Expression of Tir in host cells results in its partial (phosphate-dependent) modification (A) HEK293 cells were transfected with a mammalian expression plasmid carrying a gene encoding TirHSV or infected with EPEC Δtir expressing TirHSV. 90°C-heat-soluble Triton X-100 fractions were isolated and incubated in the presence (+) or absence (−) of alkaline phosphatase. Samples were examined by Western analysis with probing with anti-HSV antibodies. (B) HEK293 cells expressing TirHSV were infected with EPEC or the Tir translocation-defective espA mutant.
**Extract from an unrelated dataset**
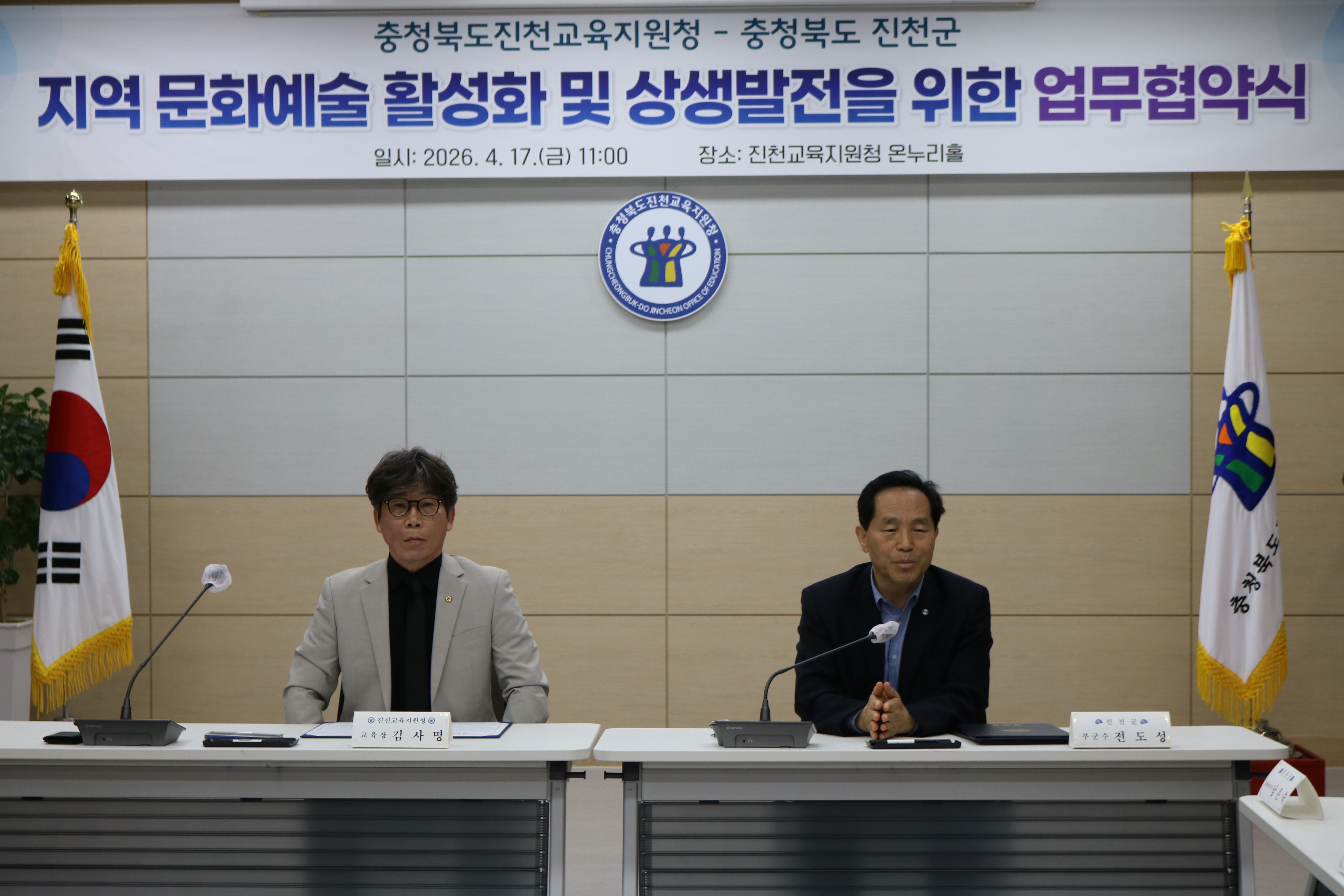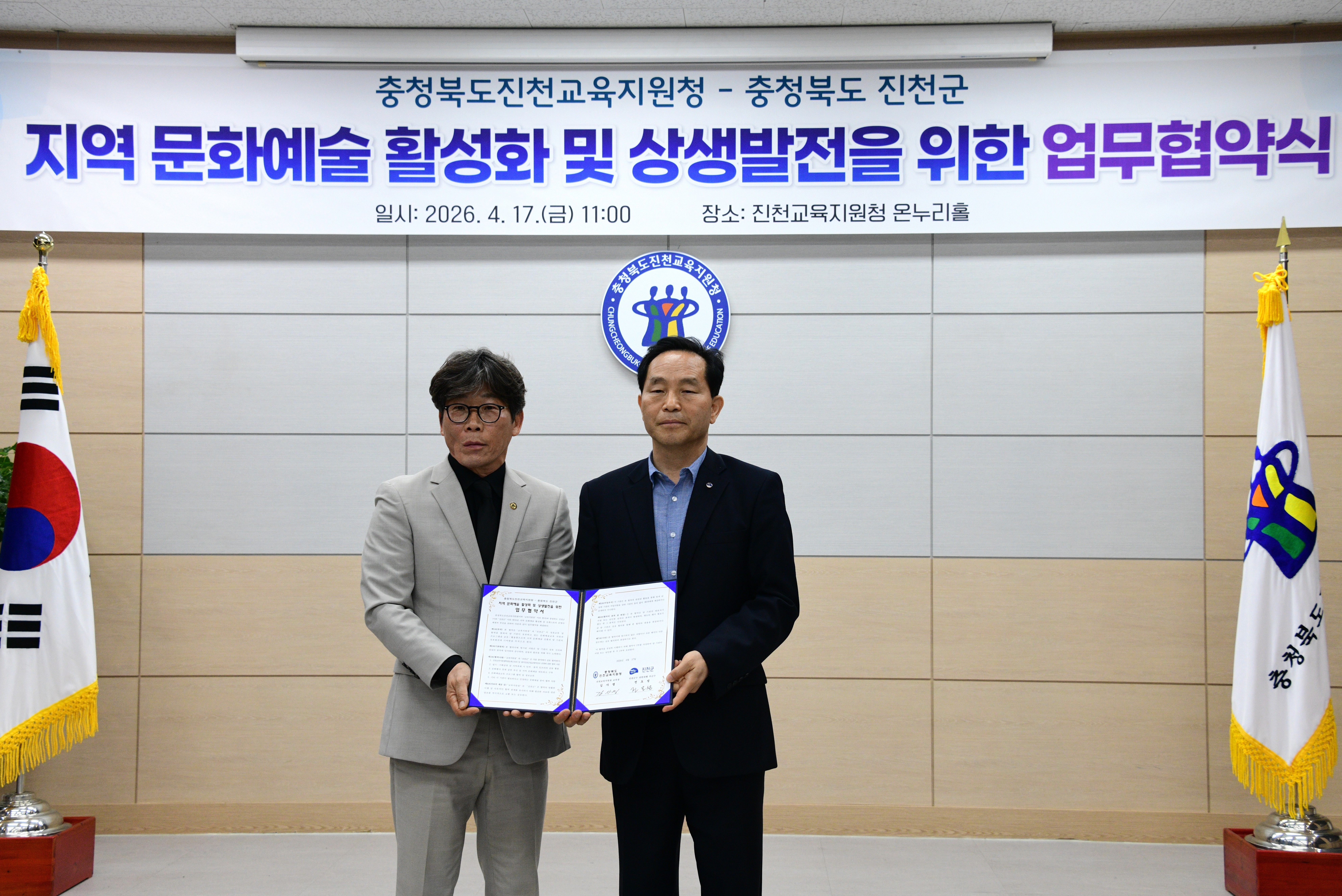 ÃæÃ»ºÏµµÁøÃµ±³À°Áö¿øÃ»(±³À°Àå ±è»ç¸í)°ú ÁøÃµ±º(±º¼ö ±ÇÇÑ´ëÇà ºÎ±º¼ö Àüµµ¼º)Àº 4¿ù 17ÀÏ Áö¿ª ¹®È¿¹¼ú Ȱ¼ºÈ ¹× »ó»ý¹ßÀüÀ» À§ÇÑ ¾÷¹«Çù¾à(MOU)À» ü°áÇß´Ù.

Infected cells were fractionated into saponin-released cytoplasmic (Cyto.), Triton X-100-soluble membrane (Mem.), or insoluble (Insol.) fractions and analyzed as described for panel A. (C) HEK293 cells were transfected with plasmids bearing genes encoding TirHSV or T7-TirHSV, and 90°C-heat-soluble Triton X-100 fractions were isolated. Samples were examining by Western analysis probing with anti-HSV, anti-Tir, or anti-T7 antibodies. T⁰, T′, and T" bands indicate the position of EPEC-delivered TirHSV intermediates, while H1-H4 indicate the position of mammalian-expressed Tir-related bands.